The next day, cream in eye, I actually made it into the school. Sure, I was still hideously ugly and everyone avoided me, but I made it in. I was experiencing a momentary spike in optimism when I found out that I had been overlooked, yet again, to give the faculty commencement address. And worse, the man who had been chosen is the same man who is going "against" me in a bid for the department chair position next year.
A word about this man, whom I will refer to simply as "my rival." As rivals go, he's one in a million. He's actually just about perfect. My rival is an incredibly creative and demanding teacher, he has a wicked sense of humor, AND he's good looking. Oh, and his wife is a good friend of mine.
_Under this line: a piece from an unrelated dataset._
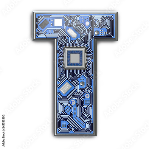 Letter T. Alphabet in circuit board style. Digital hi-tech letter isolated on white.
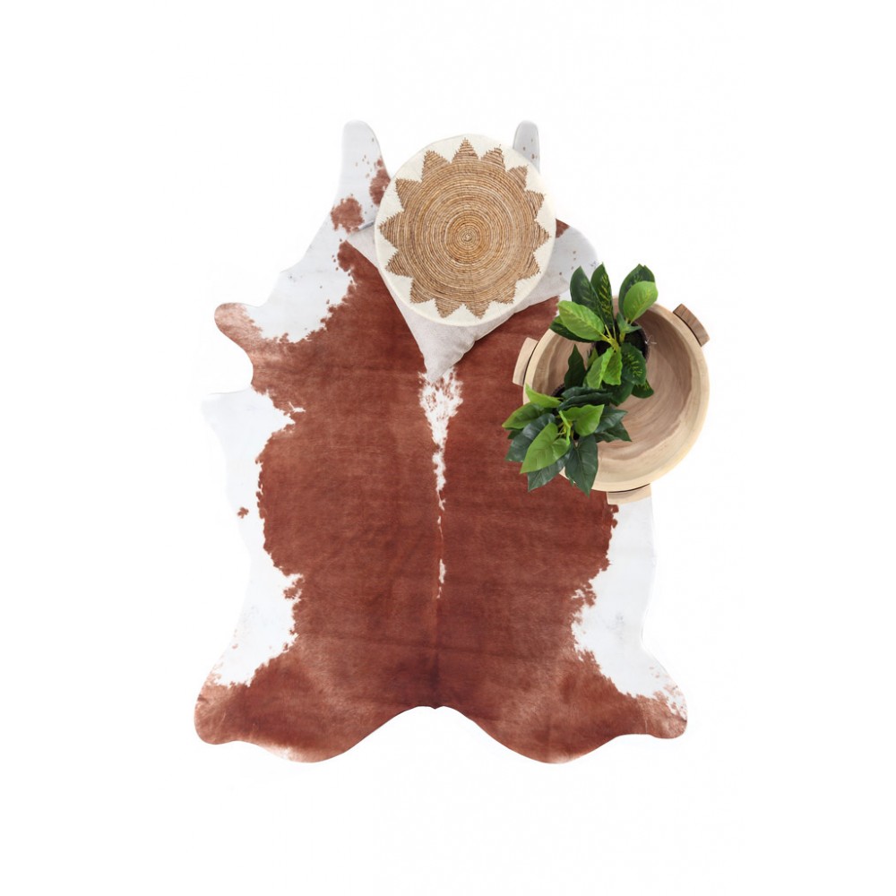 Κατασκευασμένο από 100% πολυεστέρα, αποτυπώνει τεχνητά την εικόνα του φυσικού δέρματος αγελάδας, με αρκετές εναλλαγές αποχρώσεων. Το υπόστρωμά του προσομοιώνει επίσης το πραγματικό δέρμα του ζώου (τεχνητό suede) προσδίδοντας την αισθητική του φυσικού στο χώρο, αλλά με οικολογική ευαισθησία.

As you can imagine, the discovery of the new feather in his cap left me (the pariah) feeling more than a little worried about my prospects even as I congratulated him heartily on his newly received honor. And THEN, today, he threw a surprise baby shower for a woman in our department during a meeting. My rival is playing hardball. He even bought her a bottle of gin -- there's that goddamn sense of humor I was talking about -- which tickled everyone to no end. For a moment, I felt like marching myself down to the office and pulling my application. Interviews will be held in the next two weeks, and I thought maybe I could still get out of this with some of my integrity... Is it really better to try than to never know? Smashed egos can be fixed, or so I've heard, but I have this vision of spending the rest of my career being the department loser. On the other hand, I do get to buy a new drop-dead suit for the interview, and Bev has already promised to take me out and get me smashed if I don't get it. What's the worst that could happen? A vomit-covered suit and two more bloodshot eyes?